如果你对这篇内容有疑问,欢迎到本站社区发帖提问 参与讨论,获取更多帮助,或者扫码二维码加入 Web 技术交流群。
绑定邮箱获取回复消息
由于您还没有绑定你的真实邮箱,如果其他用户或者作者回复了您的评论,将不能在第一时间通知您!
发布评论
评论(3)
一种可能的情况,针对两个写入器线程(W0、W1)和一个读取器线程(R0)逐步跟踪。 W0 早于 W1 进入 put(),被操作系统或硬件中断,并较晚完成。
One of possible situations, traced step by step for two writer threads (W0, W1) and one reader thread (R0). W0 entered put() earlier than W1, was interrupted by OS or hardware and finished later.
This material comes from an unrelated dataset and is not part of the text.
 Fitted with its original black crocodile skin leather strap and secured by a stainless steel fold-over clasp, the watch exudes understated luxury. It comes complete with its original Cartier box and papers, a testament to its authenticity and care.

从设计的角度来看,我会将整个队列视为共享资源,并使用单个互斥锁来保护它。
写入者执行以下操作:
读取器执行以下操作:
From a design point of view, I would consider the whole queue as a shared resource and protect it with a single mutex.
Writers do the following:
Readers do the following:
我有一个理论。这是一个循环队列,因此一个读取线程可能会被重叠。假设读取器获取索引 0。在执行任何操作之前,它会失去 CPU。另一个读取器线程获取索引 1,然后是 2,然后 3 ...然后是 7,然后是 0。第一个读取器醒来,两个线程都认为它们具有对索引 0 的独占访问权限。不确定如何证明这一点。希望有帮助。
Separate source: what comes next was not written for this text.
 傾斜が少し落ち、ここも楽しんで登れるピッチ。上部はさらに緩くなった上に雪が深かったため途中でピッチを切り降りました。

I have a theory. It's a circular queue so one reading thread may be getting lapped. Say a reader takes index 0. Before it does anything it loses the CPU. Another reader thread takes index 1, then 2, then 3 ... then 7, then 0. The first reader wakes up and both threads think they have exclusive access to index 0. Not sure how to prove it. Hope that helps.